The case, Horne v. Electric Eel Manufacturing Company Inc., et al., started in 2017 with a clogged main sewer drain at the plaintiff’s home. To address the problem, he decided to rent a tool called an electric rodder, which is a type of hose used to clear drain lines. It was a tool he had rented several times from the same store without issue. The employee chose the tool and showed it to the customer, who signed a rental contract.
When the machine works properly, the person operating it presses down on the foot pedal to start the motor, causing the cable to rotate. Let up on the pedal, and the motor stops. Days before plaintiff rented this machine, a hardware store employee determined the foot pedal was defective and “leaking air.” The employee reportedly fixed the issue by replacing the foot pedal. Plaintiff said this machine was different from those he’d rented from the store before in that it was “kind of raggedy,” with visible rust and peeling paint. He didn’t complain about it though because he assumed if the employee picked it out, it was safe to use.
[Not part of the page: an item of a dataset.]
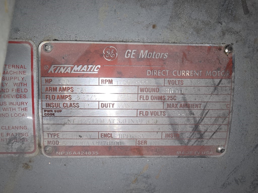 - 500 HP GE DC Motor, Type: CD5010AY, 1750/1900 RPM

After reading the manual, he positioned the machine near the outdoor drain, lowered it manually, extended it in both directions and then began to press the pedal. When it reached about 9 feet in, a friend who was at his home at the time noticed a kink in the cable. Fearing it might crack the pipe, he decided to remove the machine from the drain. But the reverse didn’t work. He decided to pull it up manually to take it back to the hardware store and get a machine that worked correctly. As his friends watched, he tugged at the cable with both hands using very little force. He and witnesses said the cable immediately wrapped around his right arm and hand and he was flipped to the ground. The machine flipped over too. His right hand was badly injured. The wound he suffered ultimately became gangrenous and his right index finger had to be amputated.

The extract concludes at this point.